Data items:
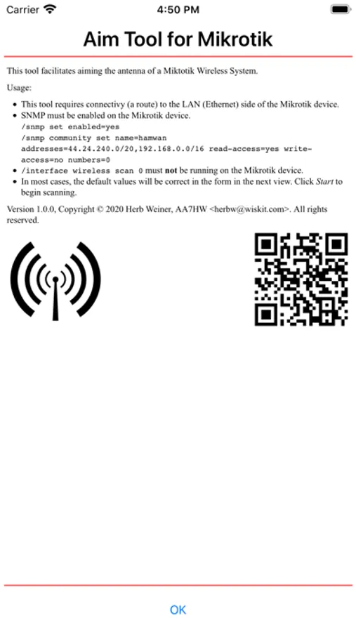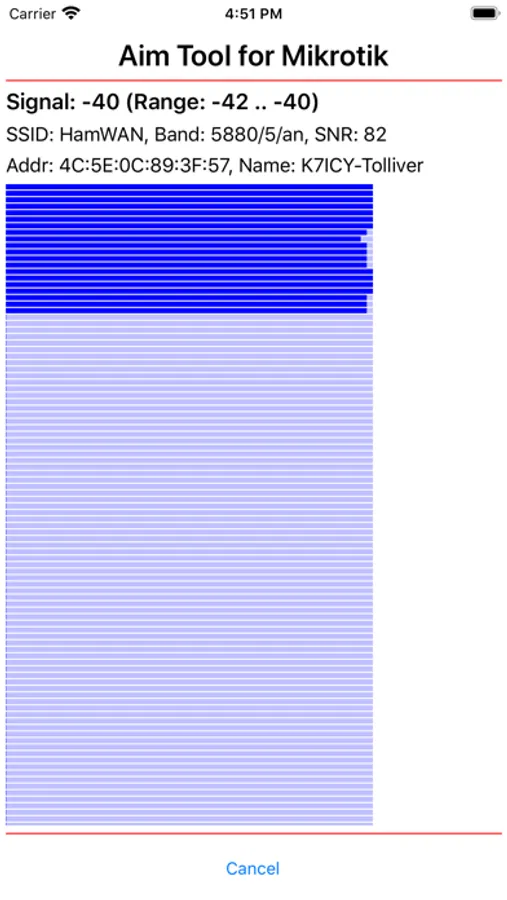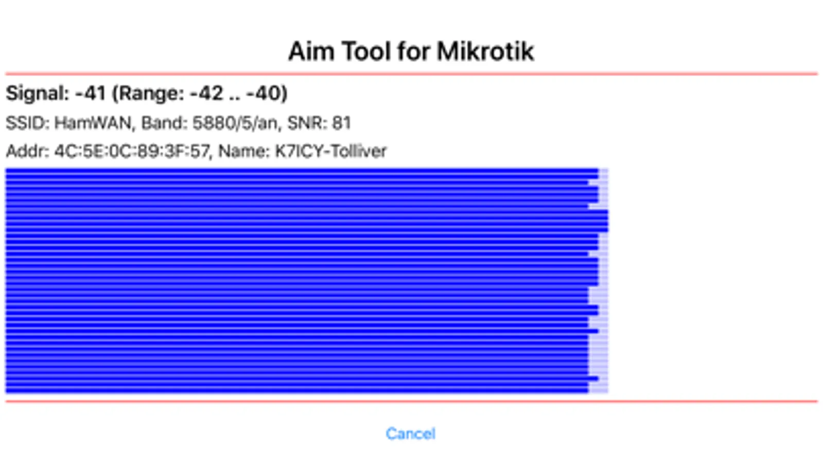Aim Tool for Mikrotik is an app to facilitate aiming the antenna of a Mikrotik Wireless System such as an LHG-5, by providing real time visual and audio feedback showing the signal strength. Mikrotik Wireless Systems are commonly used to obtain Internet connectivity using amateur radio (refer to http://www.oregonhamwan.org). In order to achieve the highest connection speeds over distances of 25 miles or more, the local antenna must be precisely aimed towards the remote sector on a distant tower.
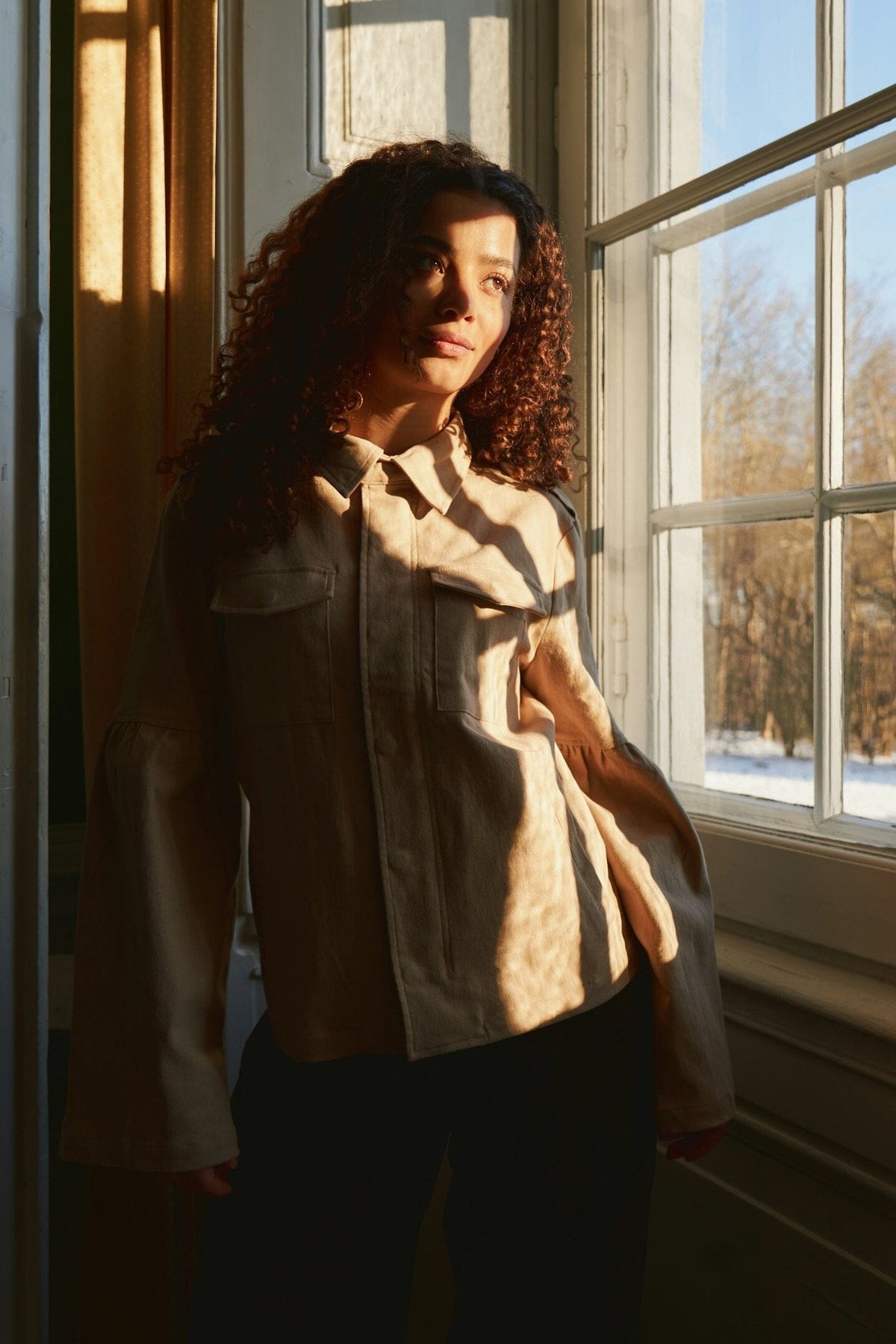 Zandkleurig jack van Neo Noir, gemaakt van 90% katoen, 8% polyester en 2% elastaan. Het jack heeft een klassieke overhemdkraag, twee borstzakken met kleppen en lange mouwen met een puffdetail bij de schouders.
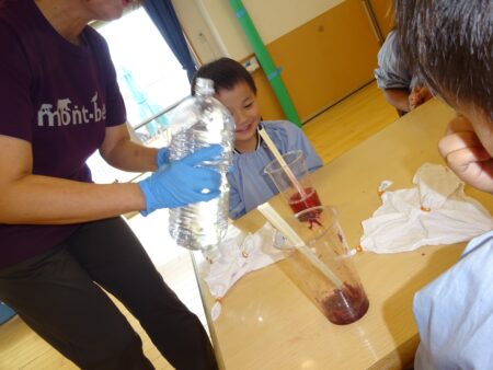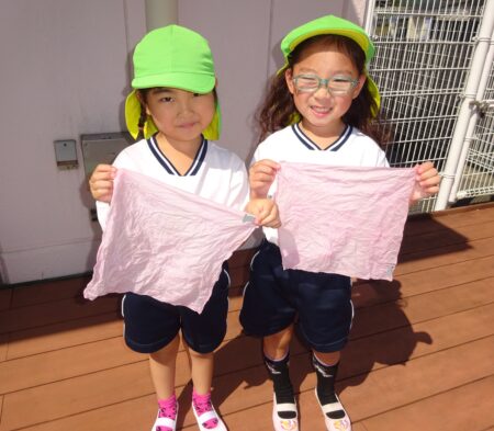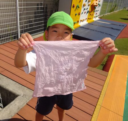 混ぜるのも楽しそうです!!そしていよいよハンカチ投入😄🎶
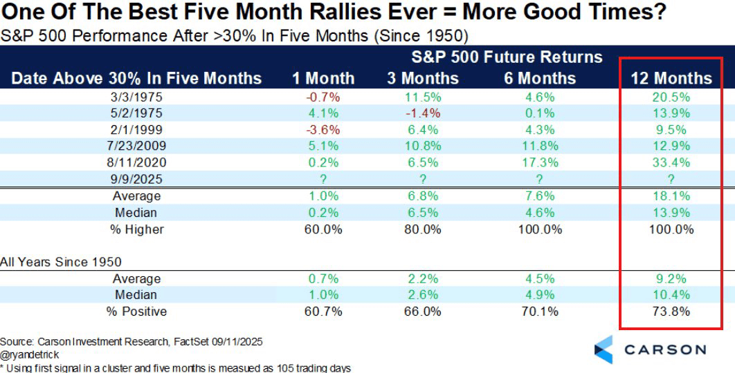 Dalam 5 kali sebelumnya S&P 500 reli 30%+ dalam 5 bulan, 12 bulan berikutnya SELALU hijau.
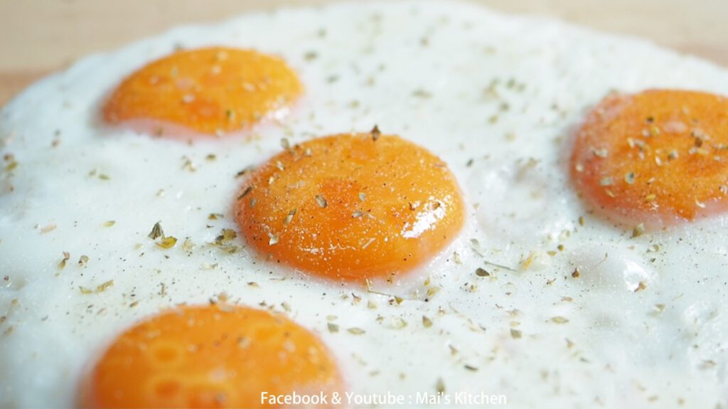 -ปิดฝาครอบกระทะเพื่อให้ไข่แดงและไข่ขาวด้านบนสุ ก ตรงนี้ถ้าใช้เวลาน้อยไข่แดงจะเยิ้มเป็นลาวา ถ้าชอบไข่แดงสุกๆ เพิ่มเวลาได้เลยค่ะ
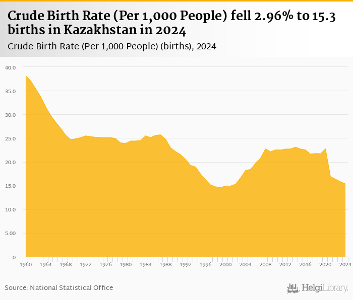 Crude birth rate per 1,000 people fell 23.8% to 15.3 births in Kazakhstan in 2024, according to the National Statistical Office.
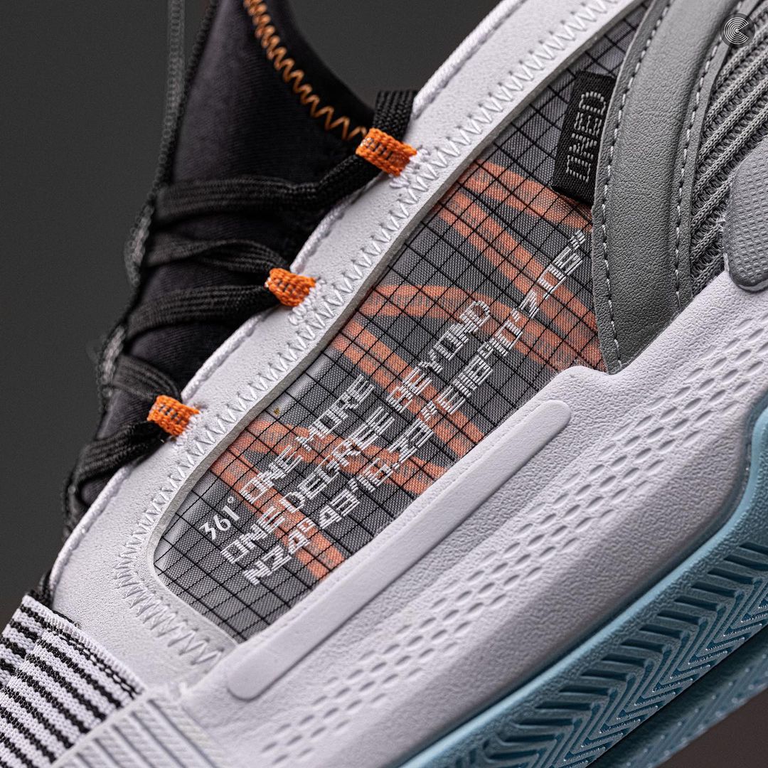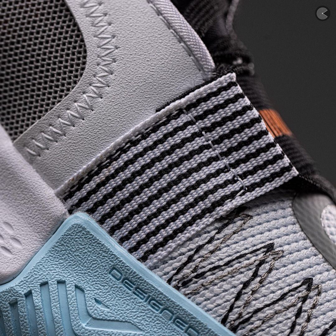 全新配色整体风格颇为简约,以经典的黑白灰为主题,橙色细节与淡蓝色的外底带来一丝活力。
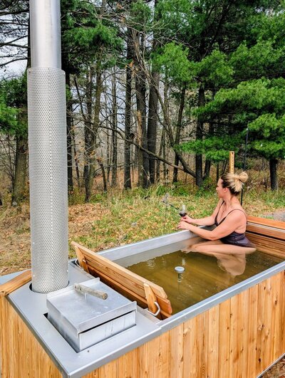 Unwind beneath the open sky in our cedar wood-burning hot tub - a cozy, nature-immersive experience exclusive to our Chengwatana Dome. Fill the tub, stoke the fire, listen to the crackle of wood, and sink into the warmth as steam rises through the pines. Perfect for stargazing, sipping cocoa, or easing sore muscles after a day of adventure.
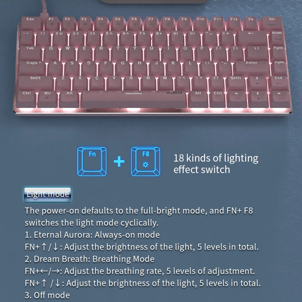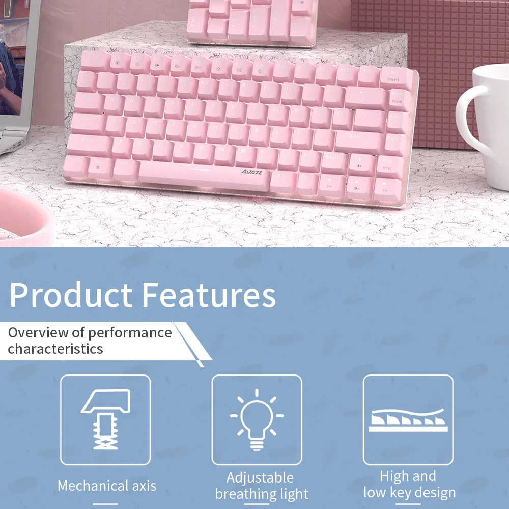 Характеристики механической игровой клавиатуры розового цвета:
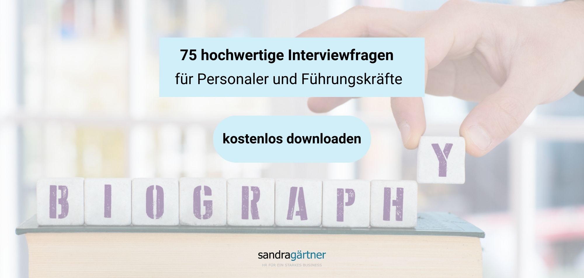 Für Ihren schnellen Einstieg in Bewerbungsgespräche habe ich für Sie 75 hochwertige Interviewfragen für Personaler und Führungskräfte zusammengestellt, die Sie direkt anwenden können. Hier sind auch biographische Fragen enthalten:
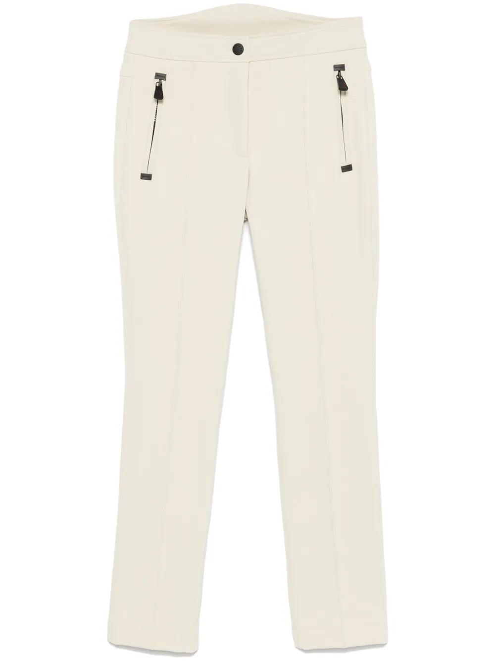 beige/black twill weave front press-stud and zip fastening pressed crease front zip fastening pockets branded zip puller slim cut
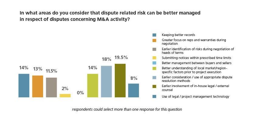Like in contentious situations with host states and regulators, when it comes to disputes relating to M&A activity, the early involvement of in-house legal and external counsel is also raised as the key priority, along with prompt consideration of dispute resolution methods. Keeping better records and an improved knowledge of the local market and region-specific factors are also considered to be prudent.

Required action: Extract, word for word, every line from the one holding "Zandkleurig jack van" through the closing line of the data above. Do not include any pictures.

Task solution:
 Zandkleurig jack van Neo Noir, gemaakt van 90% katoen, 8% polyester en 2% elastaan. Het jack heeft een klassieke overhemdkraag, twee borstzakken met kleppen en lange mouwen met een puffdetail bij de schouders.
 混ぜるのも楽しそうです!!そしていよいよハンカチ投入😄🎶
 Dalam 5 kali sebelumnya S&P 500 reli 30%+ dalam 5 bulan, 12 bulan berikutnya SELALU hijau.
 -ปิดฝาครอบกระทะเพื่อให้ไข่แดงและไข่ขาวด้านบนสุ ก ตรงนี้ถ้าใช้เวลาน้อยไข่แดงจะเยิ้มเป็นลาวา ถ้าชอบไข่แดงสุกๆ เพิ่มเวลาได้เลยค่ะ
 Crude birth rate per 1,000 people fell 23.8% to 15.3 births in Kazakhstan in 2024, according to the National Statistical Office.
 全新配色整体风格颇为简约,以经典的黑白灰为主题,橙色细节与淡蓝色的外底带来一丝活力。
 Unwind beneath the open sky in our cedar wood-burning hot tub - a cozy, nature-immersive experience exclusive to our Chengwatana Dome. Fill the tub, stoke the fire, listen to the crackle of wood, and sink into the warmth as steam rises through the pines. Perfect for stargazing, sipping cocoa, or easing sore muscles after a day of adventure.
 Характеристики механической игровой клавиатуры розового цвета:
 Für Ihren schnellen Einstieg in Bewerbungsgespräche habe ich für Sie 75 hochwertige Interviewfragen für Personaler und Führungskräfte zusammengestellt, die Sie direkt anwenden können. Hier sind auch biographische Fragen enthalten:
 beige/black twill weave front press-stud and zip fastening pressed crease front zip fastening pockets branded zip puller slim cut
Like in contentious situations with host states and regulators, when it comes to disputes relating to M&A activity, the early involvement of in-house legal and external counsel is also raised as the key priority, along with prompt consideration of dispute resolution methods. Keeping better records and an improved knowledge of the local market and region-specific factors are also considered to be prudent.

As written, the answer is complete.